Единственный раз Тетя Эллен попыталась усадить Кристину себе на колени, как обычно сажала Маргарету, но, почувствовав, как та напряглась всем телом, тут же ее отпустила. Однако вставать не стала, а все так же сидя расстегнула Кристинину заколку и подобрала вечно выбивающийся вихор, а защелкнув заколку, ласково хлопнула девочку по попке. После того случая Тетя Эллен притрагивалась к Кристине только по необходимости: когда мыла ей лицо и руки, расчесывала волосы, помогала надеть пальто, хотя Кристина уже была достаточно большая, чтобы справиться сама. Но Кристина не протестовала, с удовольствием позволяя превращать себя в маленькую-маленькую девочку. Там внизу, в холодной ванной, она даже разрешила Тете Эллен прикасаться указательным пальцем к своим рубцам. Теперь они уже полностью зажили и редко болели. Лишь эти большие пятна тонкой розовой кожи еще что-то помнили, сама Кристина почти все забыла.

Казалось, Тетю Эллен совершенно не заботило, что Кристина не может говорить, она не качала головой и не перешептывалась с другими тетками, как сестры в детском доме. А просто принимала это как данность – устремляла свои серые глаза на Кристинины губы и читала по их беззвучному движению, «да» или «нет». И все. А когда эти движения стали сопровождаться слабыми звуками, она этого тоже не комментировала.

В канун Иванова дня вся родня снова собралась у Эллен «на селедку и рюмку водки». Кристине доверили резать зеленый лук. Она трудилась, высунув язык от усердия, – все кусочки лука должны были быть совершенно одинаковой длины. Сестра Инга стояла за ее спиной и наблюдала.

– Это же прямо чудо, как она режет лук! – наконец сказала она.

– Спасибо, – сказала Кристина и сделала книксен.

Сестра Инга обернулась и уставилась на Тетю Эллен:

– Ты слышала? Она говорит! Она может разговаривать!

Тетя Эллен, стоявшая у маленького кухонного столика и выкладывавшая кусочки селедочного филе на стеклянное блюдо, даже глаз не подняла.

– Конечно, может! – сказала она. – Она осенью в школу пойдет...

«То лето...» – думает Кристина, взбегая по лестнице приюта. Это было всем летам лето. Не то чтобы особенно погожее, наоборот – в середине июня начались дожди и зарядили на шесть недель. Но это было не важно. Кристине нравился дождь, он стоял, как стена, между домом Тети Эллен и остальным миром. По утрам в кухне было совершенно тихо, Тетя Эллен заделывала свои пиджачные швы, а девочки рисовали, сидя за кухонным столом. Иногда Кристина подымала голову и вслушивалась в эту молчаливую сосредоточенность, но слышала только стук дождя по крыше.

Однако проветриваться все-таки было нужно, несмотря на погоду. И каждый день после обеда Тетя Эллен выдавала девочкам дождевики и резиновые сапоги и отправляла их гулять в сад. Поначалу они стояли поеживаясь на крыльце, но потом срывались с места, бросаясь в объятия дождя. Однажды они построили Улиточный Город позади кустов смородины: Кристина собирала улиток, а Маргарета рисовала дома и стены на мягкой влажной земле. Другой раз все втроем отправились на экскурсию в Вадстену. Сумку Тети Эллен загрузили термосами – один для кофе, один для какао, – двенадцатью бутербродами, тремя булочками с корицей и шестью яблоками. И съели почти все, сидя на мокрой скамейке парка на самом берегу Веттерна, а потом двинулись, хохоча, к старому дворцу. Но когда мимо них на велосипеде промчалась монахиня с черным покрывалом, развевавшимся за ушами, как вороновы крылья, они умолкли и только таращили глаза. И Тетя Эллен тоже.

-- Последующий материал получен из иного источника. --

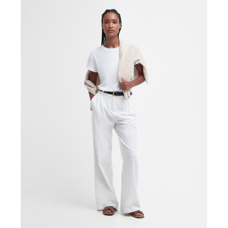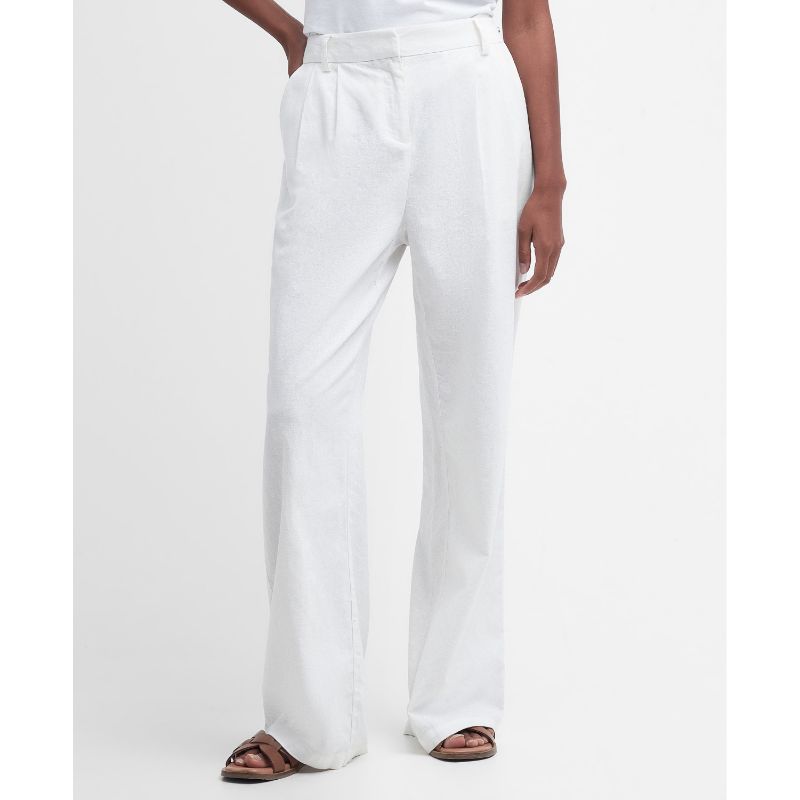The Barbour Somerland Ladies Trousers are designed with a relaxed fit, made of a cotton and linen blend, and feature double pleats with welt pockets to the back. A fly opening with a button fastening provides reliable closure that won't come undone. Perfect for any occasion, the timeless style and comfortable fit make it an easy addition to any outfit.
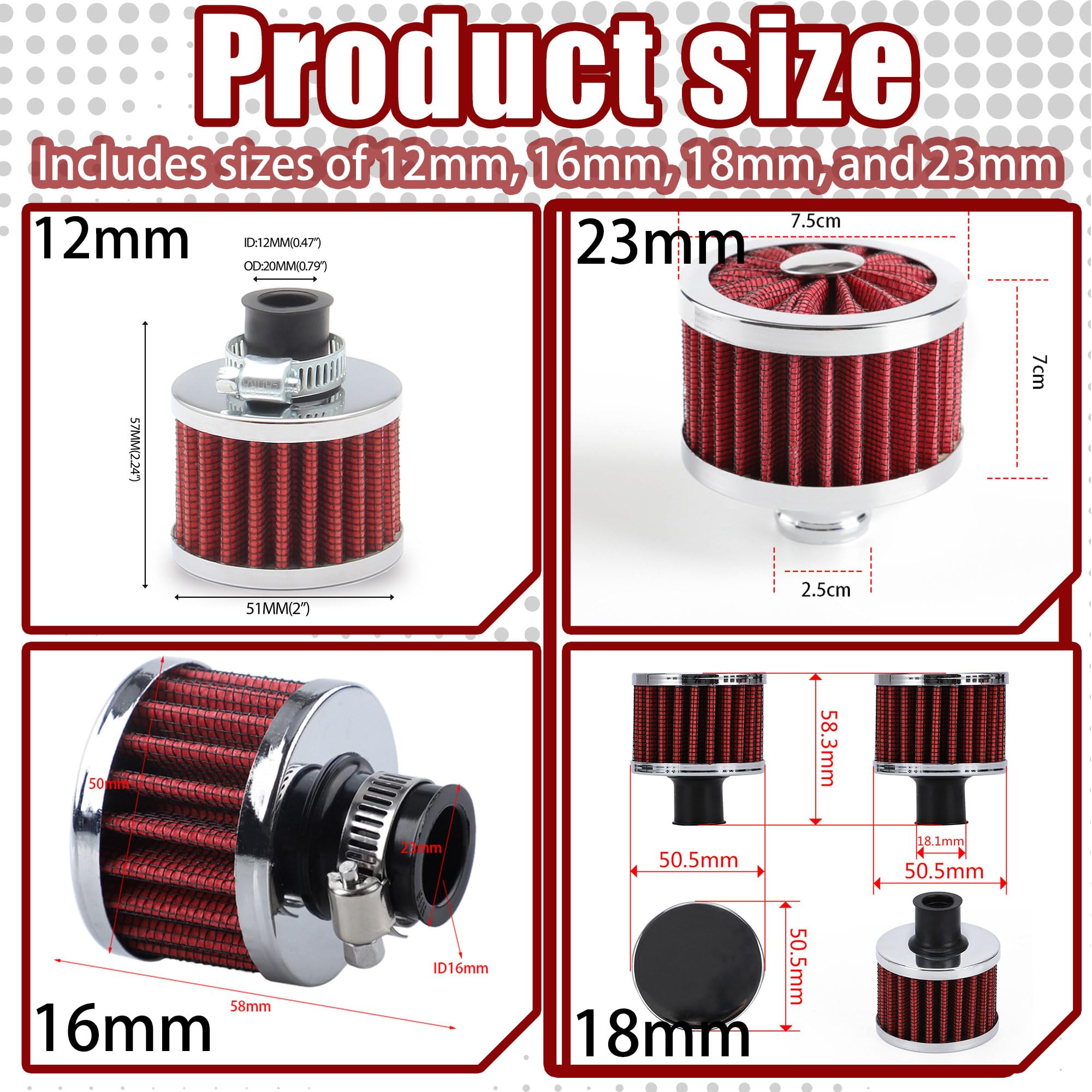 Function: Helps to inhale more air, thereby improving throttle response and increasing horsepower. Fine filter can increase air flow
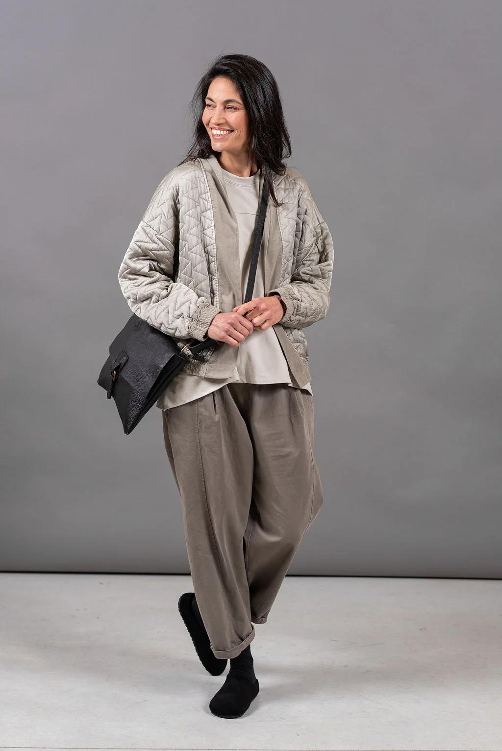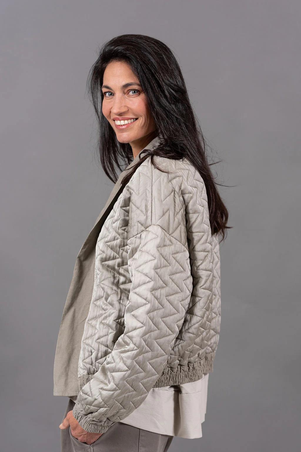 ג'קט קווילט, פתוח ונינוח. תפור מבד רך ומלטף בדוגמת זיג זג מושלמת.
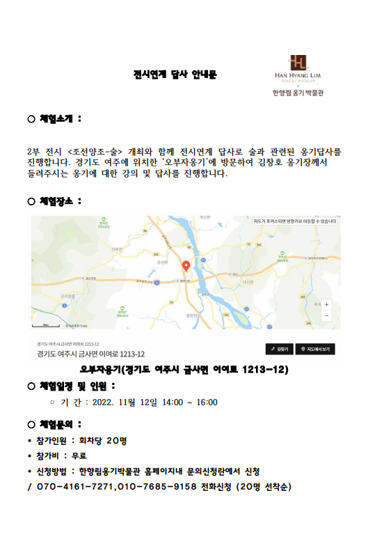 -신청방법: 한향림옹기박물관 홈페이지 내 문의신청란 신청 / 전화신청 : 070-4161-7271, 010-7685-9158(선착순 접수)
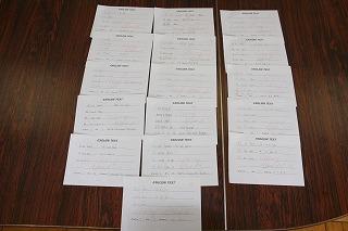 勉強がんばってます。2年2組英語のテスト。満点が16名!
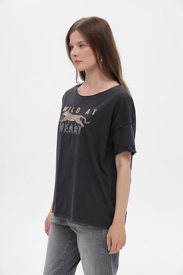 Женская футболка Oui графитового цвета с оригинальным принтом “Wild at Heart”. Модель выполнена из 100% хлопка, обеспечивающего комфорт в носке. Свободный крой и округлый вырез. Состав: хлопок 100%
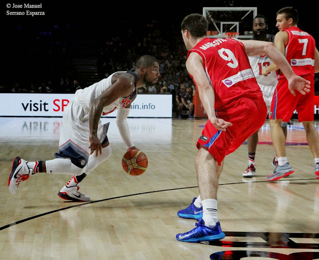 After five minutes of the first quarter, Serbia is ahead by eight points. The United States coach Mike Krzyzewski realizes that Serbia is momentarily controlling the tempo of the match and the American team can´t find its pace. It´s necessary to specially stop Milos Teodosic (the great Serbian plamaker, who is being highly effective with both his penetrations and medium and long distance shots, and at the same time is making possible through his assists to his best situated teammates that the Serbian squad do very good jumpers selections), Bogdan Bogdanovic (the best elite Serbian sniper who is being a constant threat thanks to his amazing accuracy in long distance shots and his remarkable leaping ability enabling him to attack the hoop with great power, facing the rival guards, power guards and forwards) and Nemanja Bjelica (a forward whose great height - 2.09 m-, stunning mobility for his size and versatility, getting the most of his excellent individual technique, make that Sasha Djorgevic uses him him as a 3, 4 and even 2 depending on the match circumstances, which is begetting some confusion in the United States defense.
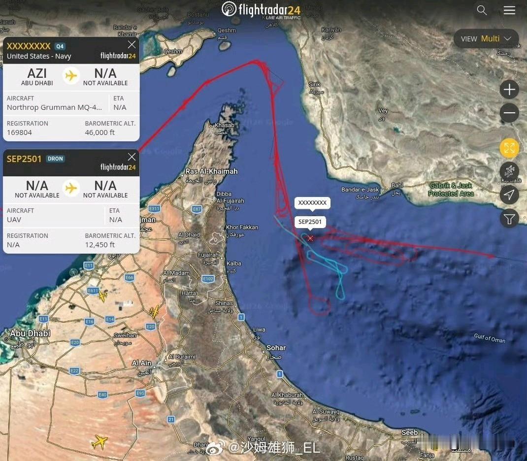 美国和伊朗的侦察无人机同时在阿曼湾上空活动,且飞行轨迹距离很近。 伊朗的互联网连接服务,开始大范围恢复。 有猜测:怕不是美国佬开的军用热点。这两天大概率就要开战了 最宝贝的电子战飞机都部署了,不可能这时候TACO。
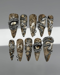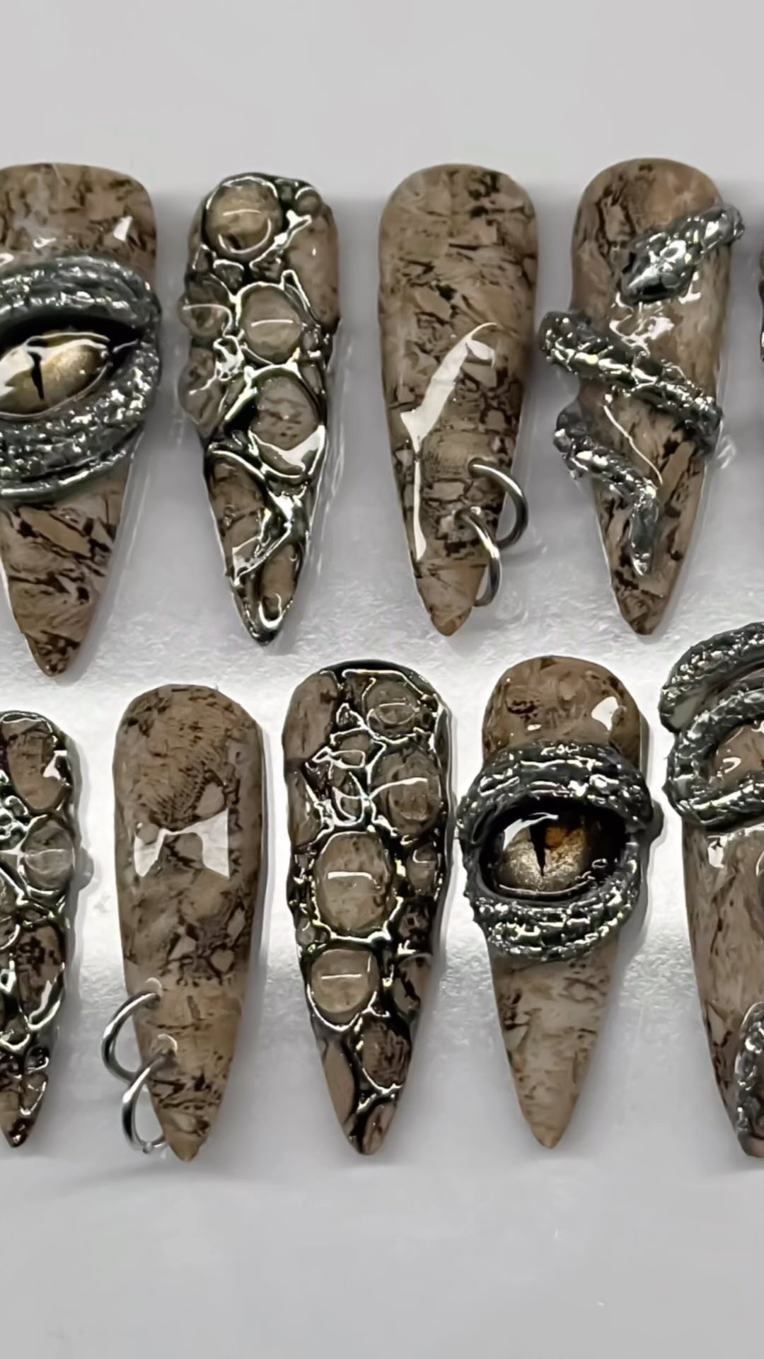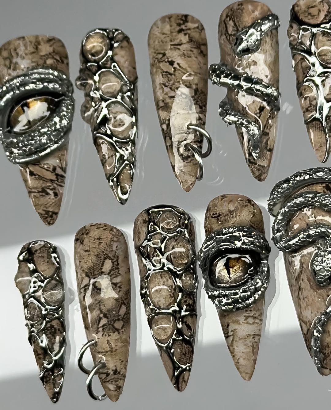 A breathtaking and edgy collection featuring realistic reptile-skin textures and mesmerizing 3D "dragon eye" accents that seem to watch your every move. The earthy, organic base is elevated by silver-toned serpent charms and liquid-metal scales, creating a stunning Primal Gothic vibe. Every detail is hand-sculpted to provide a sense of ancient mystery, perfect for those who want to express their fierce, artistic, and predatory soul.

Впрочем, для Кристины Вадстена явилась не городом монахинь, а с первого же взгляда – городом бледных женщин. Еще по пути от вокзала к Дворцовой улице она обратила на них внимание, а потом, когда они шли по Стургатан, она все оборачивалась и рассматривала лица встречных. Да. Так и есть. В Вадстене все женщины – бледные. Кристине это нравилось; ей представлялось, что у женщин с бледными лицами – такие же едва различимые голоса. Все, решено. Когда она вырастет, то поселится в городе, где люди разговаривают шепотом...

У Тети Эллен была в этой поездке вполне конкретная цель – купить новый сколок для плетения кружев. Это было дело тонкое. Она ходила из лавки в лавку и вдумчиво рассматривала предлагаемые образцы. Наконец сделав выбор, она виновато вздохнула. Сколки стоили дорого. Слишком дорого – для тех, кто плетет кружево на коклюшках лишь ради собственного удовольствия.

Коклюшки стали первым Кристининым триумфом, первой ее победой над Маргаретой. Как только Тетя Эллен садилась за кружева, у нее за спиной возникала Кристина и не отрываясь следила за ее руками. Сперва она ничего не могла понять: казалось, большие стрекозы беспорядочно порхают над подушечкой, – это Тетя Эллен проворно перебрасывала коклюшки. Но вскоре она уловила в этом порхании некий ритм и, протянув однажды руку через плечо Тети Эллен, показала, какую коклюшку надо перебросить. Тогда Тетя Эллен пошла на чердак, принесла ей старенькую подушечку и помогла начать собственное кружево. Темными августовскими вечерами они сидели друг напротив друга за большим столом в столовой и сантиметр к сантиметру наращивали свои кружева. Мама-стрекоза и ее старшая дочка. А на кухне сидела и тосковала младшая стрекозиная сестричка, оттого что ей не разрешают приносить в столовую акварельные краски. Так ей и надо.

Но теперь нет времени об этом думать, теперь надо сделать два шага вверх по лестнице, войти и надеть белый халат. После телефонного звонка прошло шестнадцать минут. Только бы Фольке продержался...

Черстин Первая сидит за своим столиком в ординаторской. Всякий раз видя эту женщину, Кристина испытывает легкий шок. Она настолько пугающе совершенна, настолько законченна во всем, от белых перламутровых ногтей до золотистых волос.

– Привет, – говорит Кристина фальшиво-доверительным тоном, пытаясь изобразить приветливость. – Вот и я. Фольке все еще в двухместке?

Черстин Первая устремляет свои большие синие глаза на Кристину и секунду тянет с ответом, только ради того, чтобы продемонстрировать легкий скепсис. Она демонстрирует свой легкий скепсис всем врачам приюта. Вероятно, это для нее дело принципа.

– Да, пока что, – говорит она. – Но мы собираемся освободить другую палату и перевести его туда. Пока что с этим сложности, но все должно уладиться. Вернее, непременно уладится. Просто некоторым придется потесниться.

Кристина, кивнув, хватает историю болезни, за которой потянулась было Черстин Первая.

– Новые антибиотики? – Черстин Первая поднимает брови.

Кристина вздыхает – с Фольке она уже перепробовала три препарата, и все бесполезно. И четвертый вряд ли поможет.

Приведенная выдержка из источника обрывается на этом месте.